Context Window Management¶

★★★★★ Advanced

Strategies for managing what enters the LLM's context window and when. The context window is finite working memory - everything the agent can reason about at once. Poor management is the primary cause of agent degradation on long tasks.

Key Facts¶

Context windows range from 4K to 2M tokens, but attention quality degrades in the middle ("lost in the middle" effect)
Cost scales linearly with context size - 128K context at $3/M input = $0.38 per call
Compaction (summarization) is irreversible - details are permanently lost once summarized
Layered loading (always-on core + on-demand details) keeps base cost at ~170 tokens while enabling access to full memory
Context anxiety: agents start rushing/shortcutting when they perceive context is filling up, even if there's room left

Layered Loading Pattern¶

Divide memory into layers by criticality. Lower layers are always present; higher layers load on demand.

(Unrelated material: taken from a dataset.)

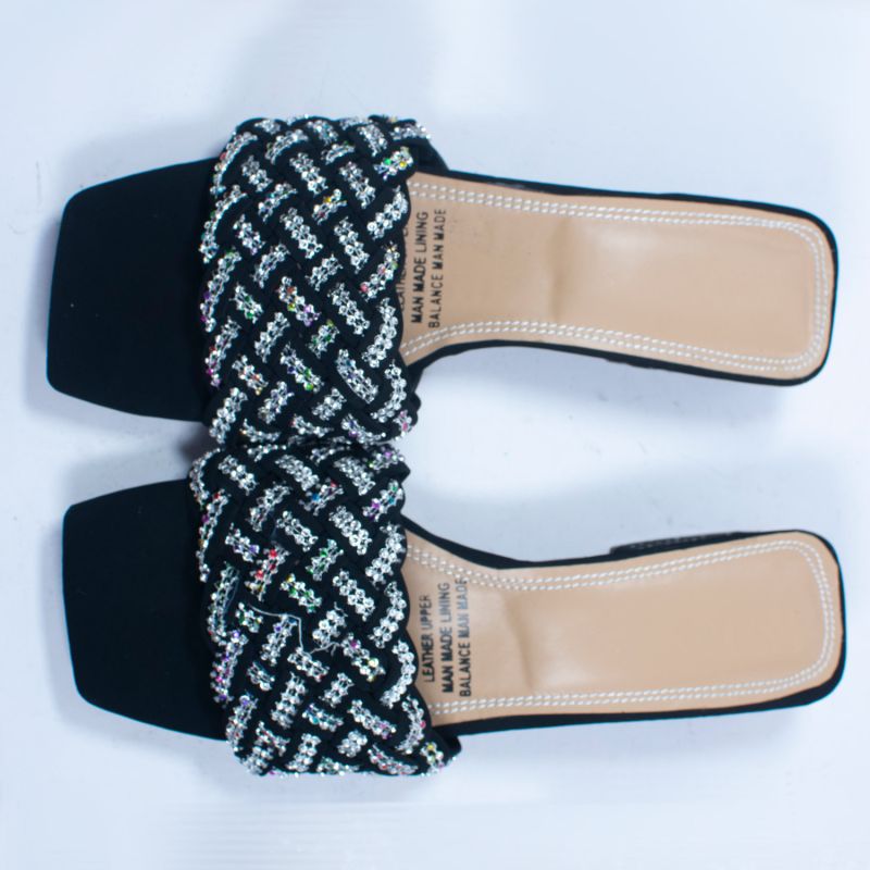 Square Toe Ladies Slipper - Low Heel Black And Silver Colour

L0 - Identity (~50 tokens)     ← ALWAYS in context
  "You are an assistant for Project X. User is Alice, senior engineer."

L1 - Critical Facts (~120 tokens) ← ALWAYS in context
  "Tech stack: Python 3.12, PostgreSQL 16, deployed on K8s."
  "User prefers: concise answers, code examples, no emojis."

L2 - Topic Memory (variable)    ← Loaded when topic detected
  Retrieved from vector store based on current query.
  Budget: ~2000 tokens per retrieval.

L3 - Full History (variable)    ← Loaded on explicit request
  Complete conversation logs, raw documents.
  Only when agent specifically needs to review past interactions.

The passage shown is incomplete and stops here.